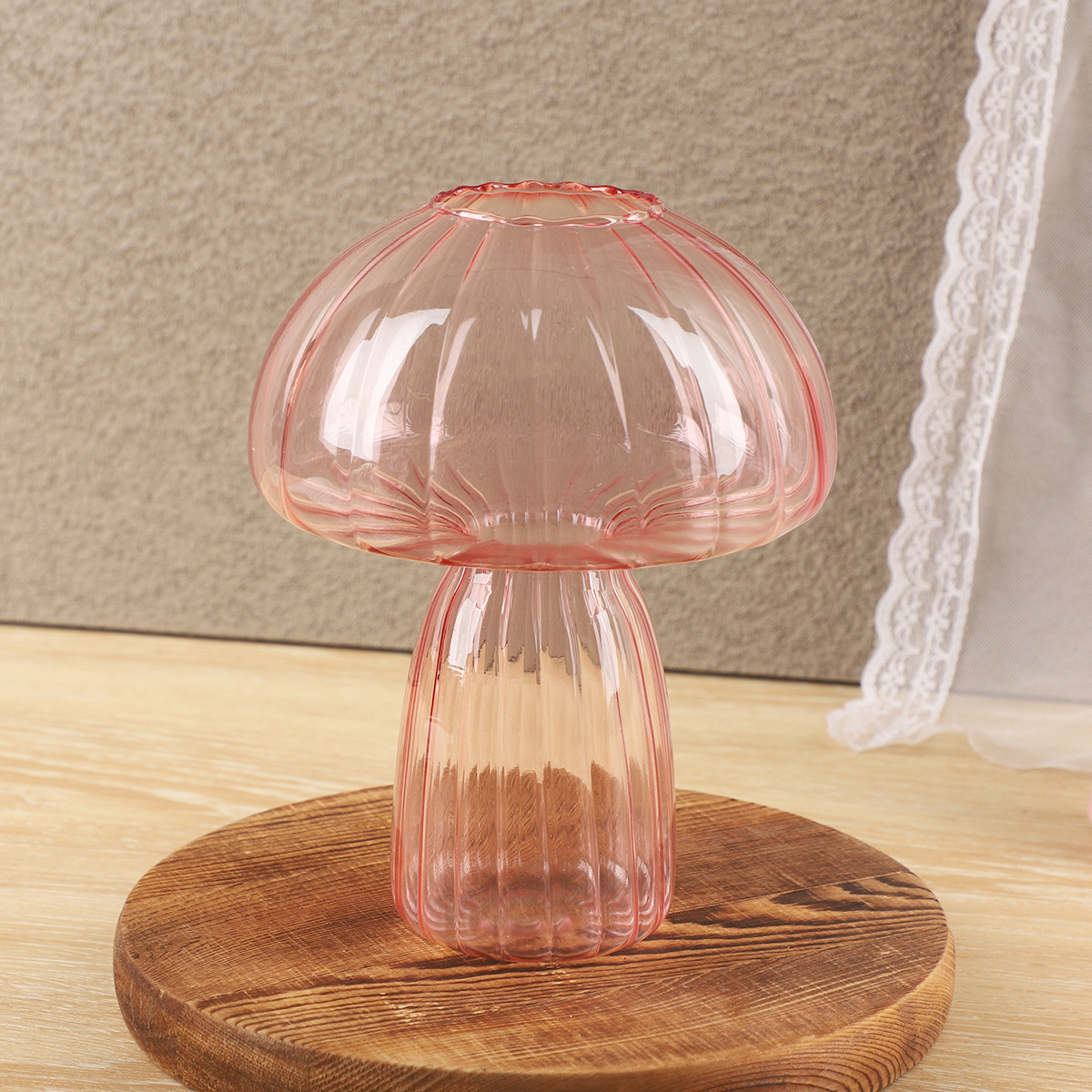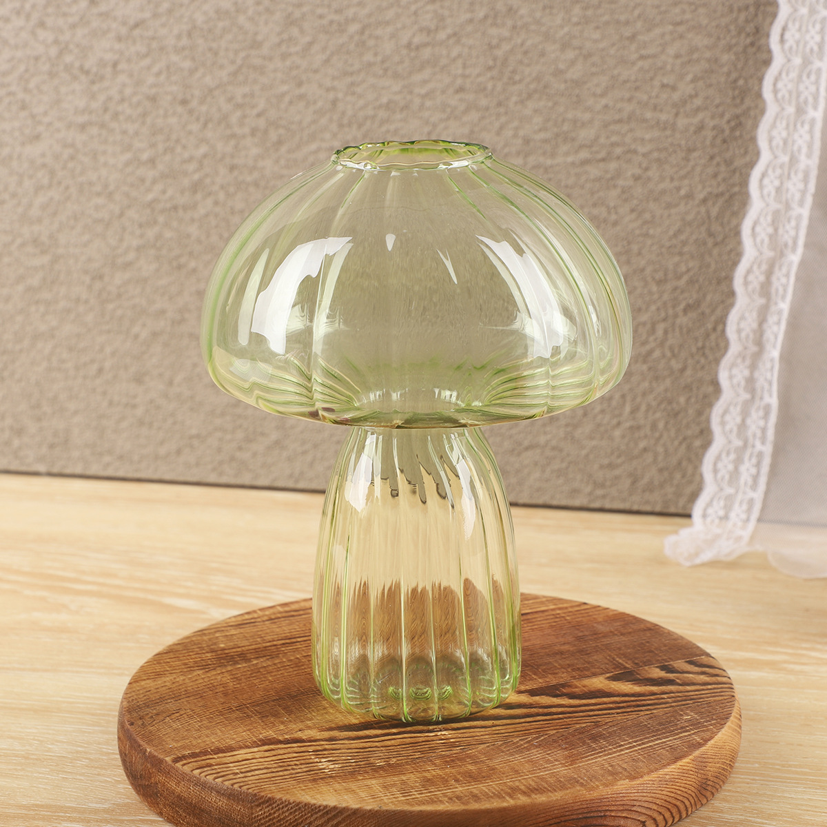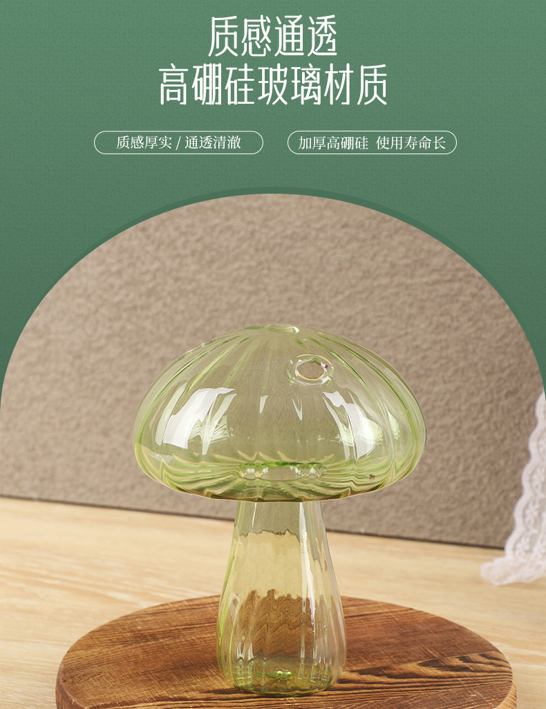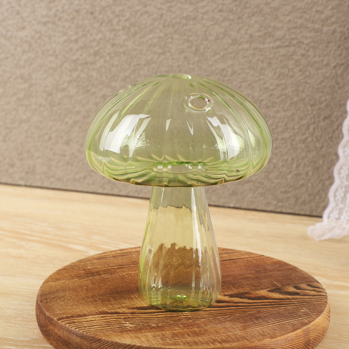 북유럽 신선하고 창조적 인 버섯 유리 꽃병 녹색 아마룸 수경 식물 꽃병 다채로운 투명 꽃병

---

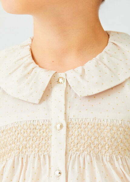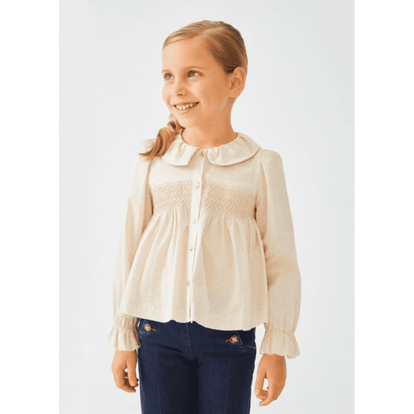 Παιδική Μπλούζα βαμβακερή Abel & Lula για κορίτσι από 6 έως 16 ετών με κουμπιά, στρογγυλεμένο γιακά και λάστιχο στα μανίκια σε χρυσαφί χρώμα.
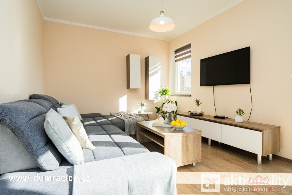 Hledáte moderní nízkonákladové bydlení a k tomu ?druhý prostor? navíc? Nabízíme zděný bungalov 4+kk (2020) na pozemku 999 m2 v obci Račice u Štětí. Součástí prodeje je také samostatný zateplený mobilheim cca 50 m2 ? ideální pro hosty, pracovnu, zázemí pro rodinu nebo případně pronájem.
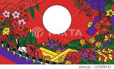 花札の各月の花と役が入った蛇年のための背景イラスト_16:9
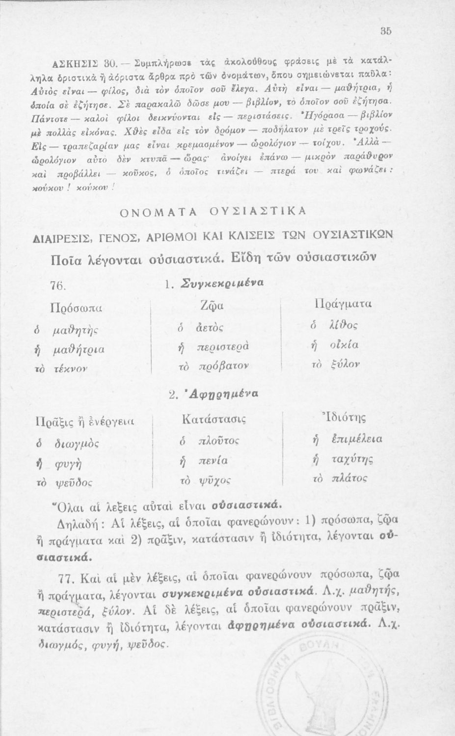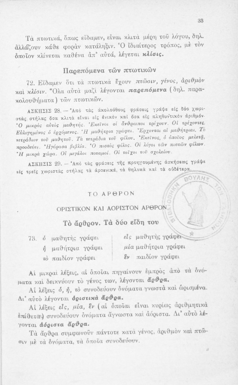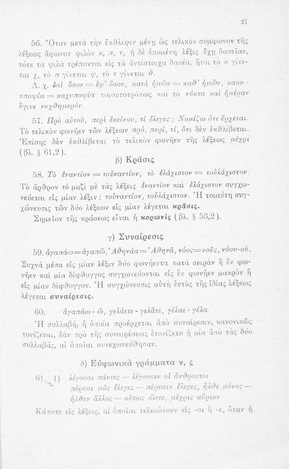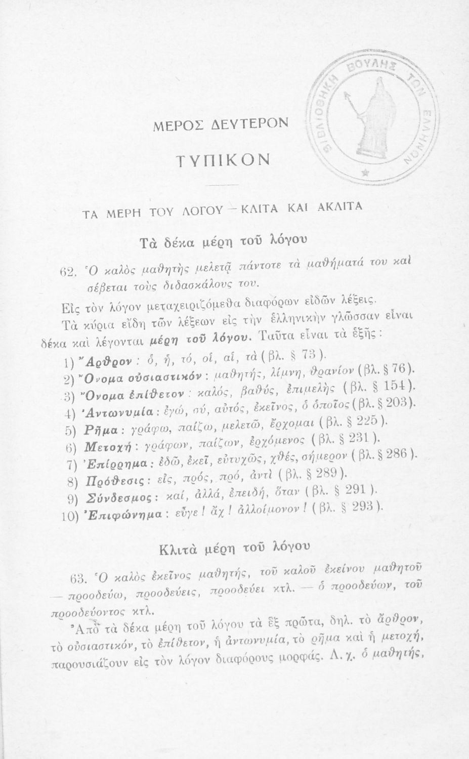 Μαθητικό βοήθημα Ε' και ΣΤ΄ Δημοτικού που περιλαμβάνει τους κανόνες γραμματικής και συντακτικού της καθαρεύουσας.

* * *

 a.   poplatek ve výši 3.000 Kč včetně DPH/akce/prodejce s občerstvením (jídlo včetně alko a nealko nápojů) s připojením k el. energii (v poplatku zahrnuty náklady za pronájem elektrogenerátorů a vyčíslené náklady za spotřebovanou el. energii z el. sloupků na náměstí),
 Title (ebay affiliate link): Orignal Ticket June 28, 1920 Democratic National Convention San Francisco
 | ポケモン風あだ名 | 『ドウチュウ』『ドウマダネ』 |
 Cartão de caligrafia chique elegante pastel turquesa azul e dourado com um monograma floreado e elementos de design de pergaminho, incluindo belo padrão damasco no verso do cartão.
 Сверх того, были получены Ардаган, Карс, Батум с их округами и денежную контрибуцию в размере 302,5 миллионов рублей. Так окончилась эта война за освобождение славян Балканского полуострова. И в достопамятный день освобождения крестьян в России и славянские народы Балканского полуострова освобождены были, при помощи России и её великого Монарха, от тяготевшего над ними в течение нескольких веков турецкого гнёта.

*REQUIRED WORK*.
Return only the lines between the one holding "ポケモン風あだ名 | 『ドウチュウ』『ドウマダネ』 |" and the one holding "Сверх того, были", inclusive, exactly as they appear above.

*RESPONSE*.
 | ポケモン風あだ名 | 『ドウチュウ』『ドウマダネ』 |
 Cartão de caligrafia chique elegante pastel turquesa azul e dourado com um monograma floreado e elementos de design de pergaminho, incluindo belo padrão damasco no verso do cartão.
 Сверх того, были получены Ардаган, Карс, Батум с их округами и денежную контрибуцию в размере 302,5 миллионов рублей. Так окончилась эта война за освобождение славян Балканского полуострова. И в достопамятный день освобождения крестьян в России и славянские народы Балканского полуострова освобождены были, при помощи России и её великого Монарха, от тяготевшего над ними в течение нескольких веков турецкого гнёта.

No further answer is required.